EXERCISE REQUIREMENTS: Transcribe every record as it stands and set the images aside.

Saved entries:
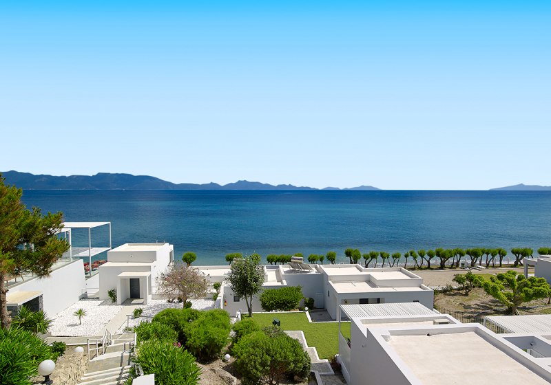 Ihr wohnt in Agios Fokas, direkt an einem rund 400 Meter langen Kieselstrand mit Liegen und Schirmen. Die Anlage staffelt sich in Hanglage, wodurch Ihr nah am Wasser und dennoch übersichtlich organisiert seid. Kos-Stadt liegt etwa 7 Kilometer entfernt, die Bushaltestelle befindet sich unmittelbar vor dem Hotel. Highlight: Strandlage mit schneller Anbindung an Kos-Stadt per Bus vor der Tür.
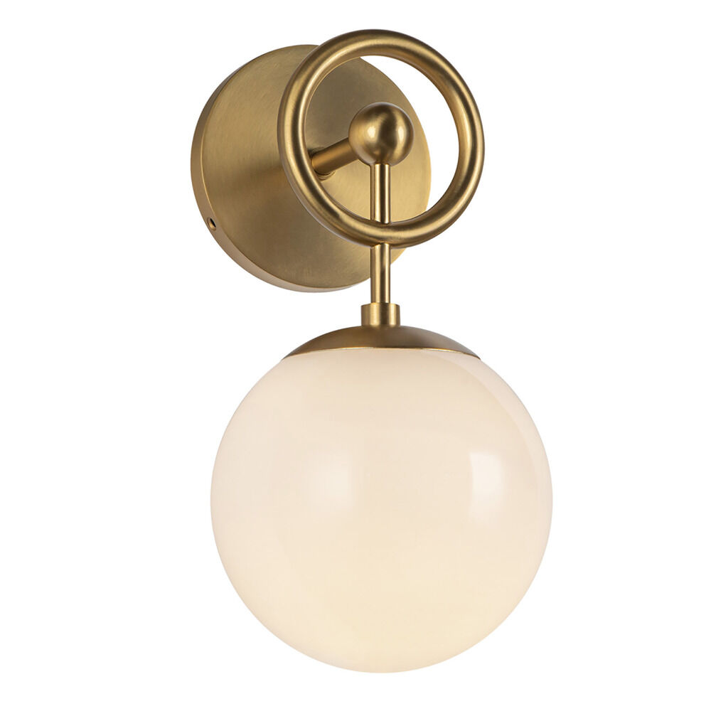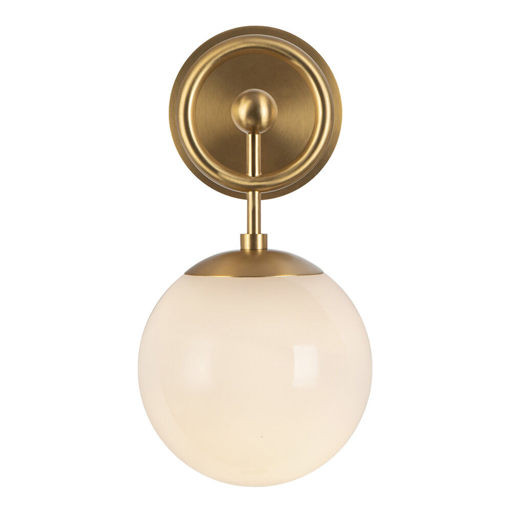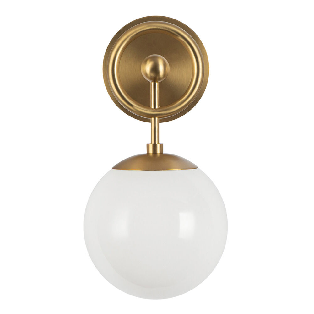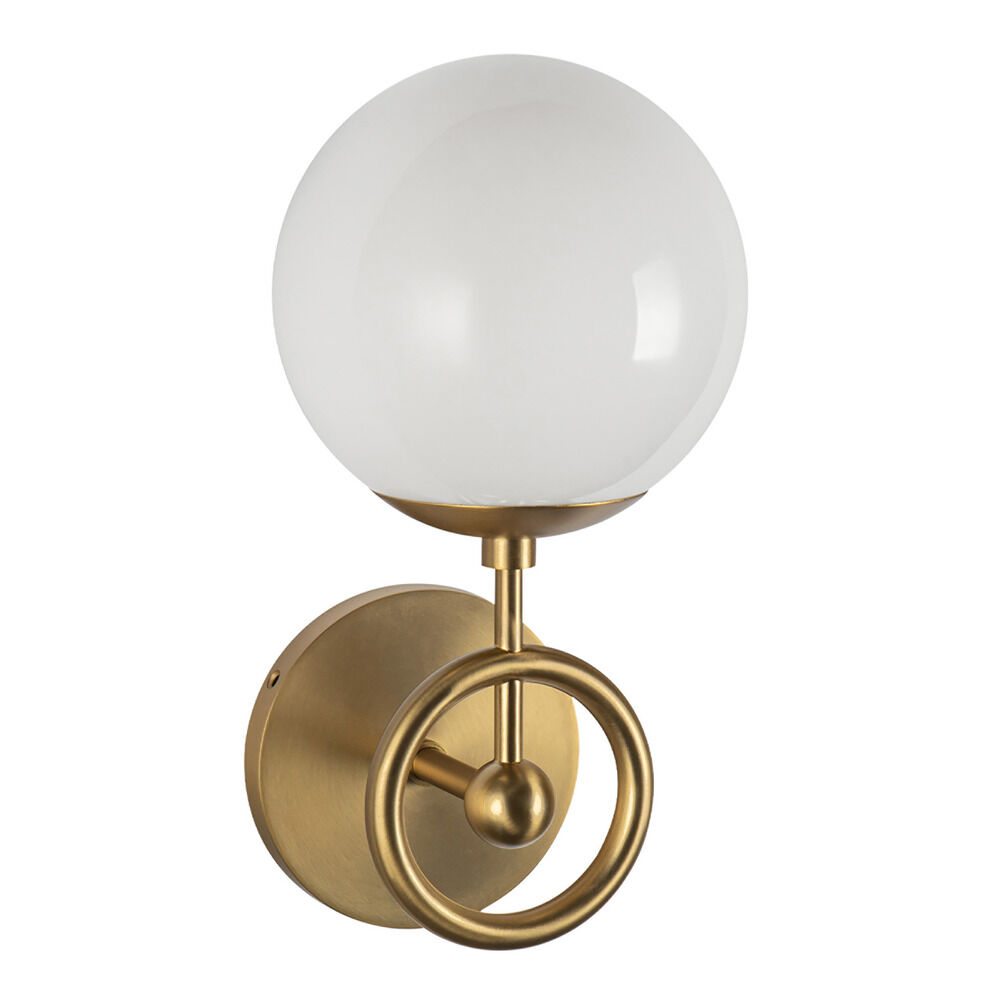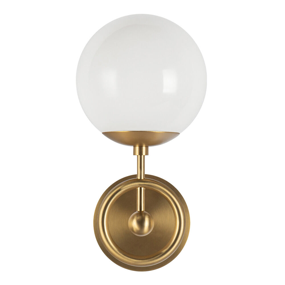 Contemporary / modern brushed gold 1-light sconce with glossy opal glass shade
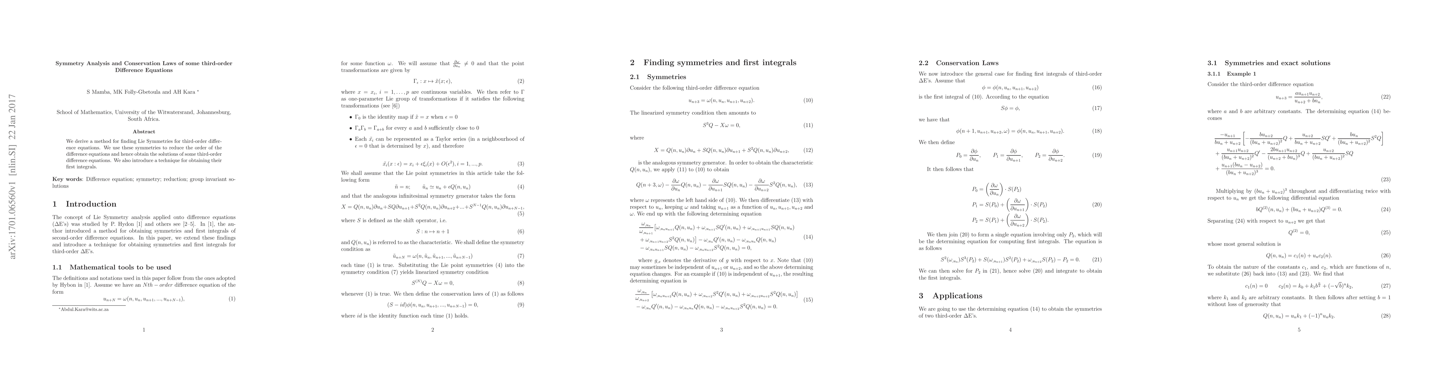 This paper develops a method for identifying Lie Symmetries in third-order difference equations, utilizing these symmetries to reduce the equations' order and derive their solutions, along with a technique for finding their first integrals.
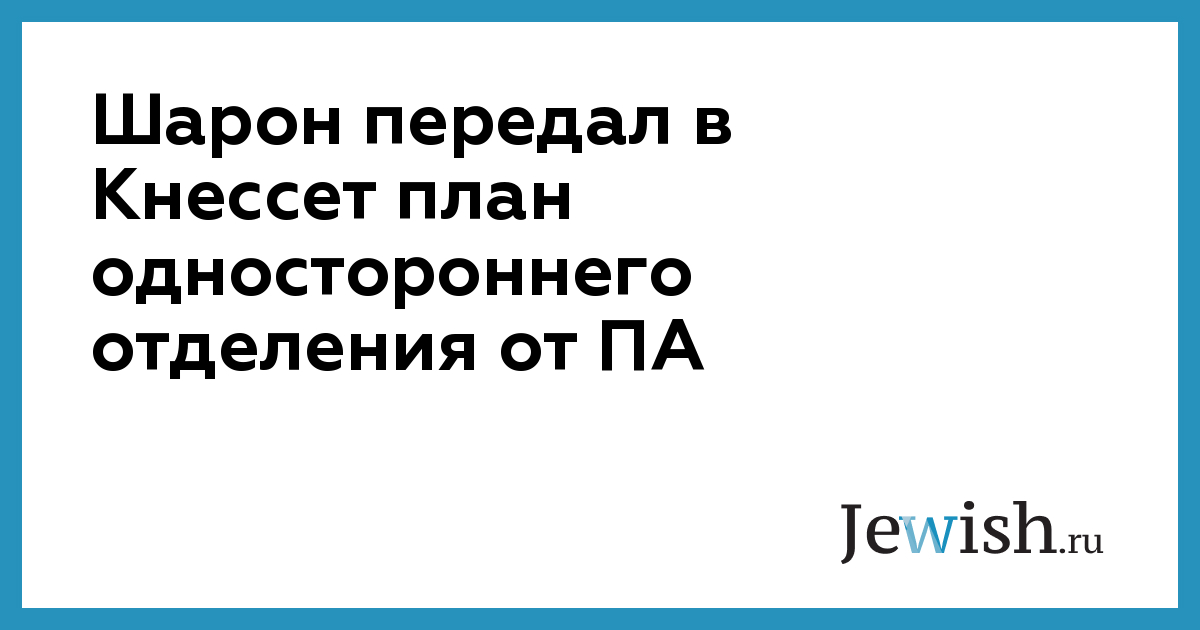 Шарон передал в Кнессет план одностороннего отделения от ПА
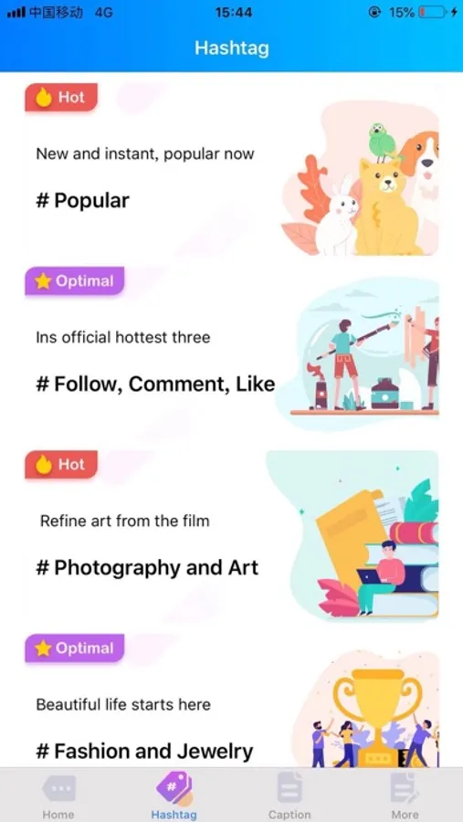 -Pre-defined hashtags for different categories

COMPLETED TASK:
 Ihr wohnt in Agios Fokas, direkt an einem rund 400 Meter langen Kieselstrand mit Liegen und Schirmen. Die Anlage staffelt sich in Hanglage, wodurch Ihr nah am Wasser und dennoch übersichtlich organisiert seid. Kos-Stadt liegt etwa 7 Kilometer entfernt, die Bushaltestelle befindet sich unmittelbar vor dem Hotel. Highlight: Strandlage mit schneller Anbindung an Kos-Stadt per Bus vor der Tür.
 Contemporary / modern brushed gold 1-light sconce with glossy opal glass shade
 This paper develops a method for identifying Lie Symmetries in third-order difference equations, utilizing these symmetries to reduce the equations' order and derive their solutions, along with a technique for finding their first integrals.
 Шарон передал в Кнессет план одностороннего отделения от ПА
 -Pre-defined hashtags for different categories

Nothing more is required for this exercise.